Regardless of the technical terms of Thielman’s contribution to Flint and Price’s campaign, the donation marked a new era in UM student politics. Until this election, students had raised campaign money out of pocket or by gathering donations from other students and family members. Lindsay Vaughey, Montana’s commissioner of political practices, says that she has never heard of a PAC-related contribution to student politics in her five years in office.

But Flint says that critics are overlooking other irregularities of this past election that were more problematic than his acceptance of PAC money, which did not violate any university rules.

“MontPIRG campaigned for our opponents with an ad in the Kaimin on election day, which is clearly illegal, and that hasn’t really been brought up,” Flint says, referring to a University election bylaw—since struck down—prohibiting campaigning on election day. “People say Forward Montana is political but MontPIRG isn’t…I think everybody will admit that MontPIRG is political.”

Christy Schilke, the outgoing ASUM vice president who ran against Flint, says that people should be concerned about student candidates accepting money from any outside groups.

“Being an ASUM executive or student leader, you need to be non-partisan, and if you have a political PAC backing you up, that takes away from your non-partisanship,” Schilke said. “I don’t know if it’s unethical, but it doesn’t sit right with me.”

It didn’t sit right with some others either, as several ASUM senators set about drafting a change to the University’s election by laws to prohibit the type of contribution that Flint and Price accepted.

The proposed changes were discussed vigorously for over two hours at ASUM’s final meeting of the year on Wed., April 30—an occasion typically marked by awards, smiles and handshakes rather than intense debate.

ASUM Senator David Frost argued that the bylaw change was “put in here as a personal strike against what Aaron and Gale did on their campaign,” a move which Frost considered “incredibly immature.”

Outgoing ASUM President Jon Swan countered that the proposed change had been discussed for years prior to the last election.

“The issue is, should off-campus political action committees be able to buy into ASUM elections, and I say no,” said ASUM Senator Alex Rosenleaf. “I know it’s done on the federal level.
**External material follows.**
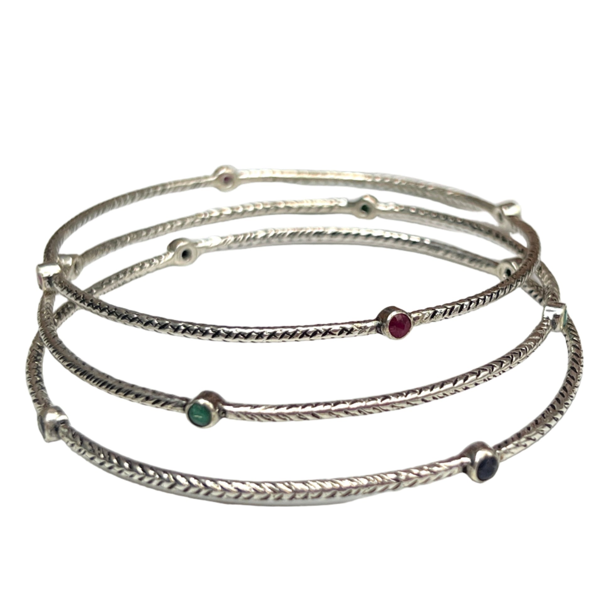 Sterling Silver Stone Bangle

I know it’s done on the state level, but, by God, I think we should be better than that. PAC money is not the sort of thing we want to let into the ASUM political process.”

After a flurry of amendments and counter-amendments, ASUM voted 16-5 in favor of changing the bylaws to prohibit outside campaign donations.

“Everybody just wanted to get out of there,” says Flint. “It wasn’t fully thought through.”

Flint, one of the five who voted against the changes, says that during his presidency in the coming year, the senate may revisit the issue.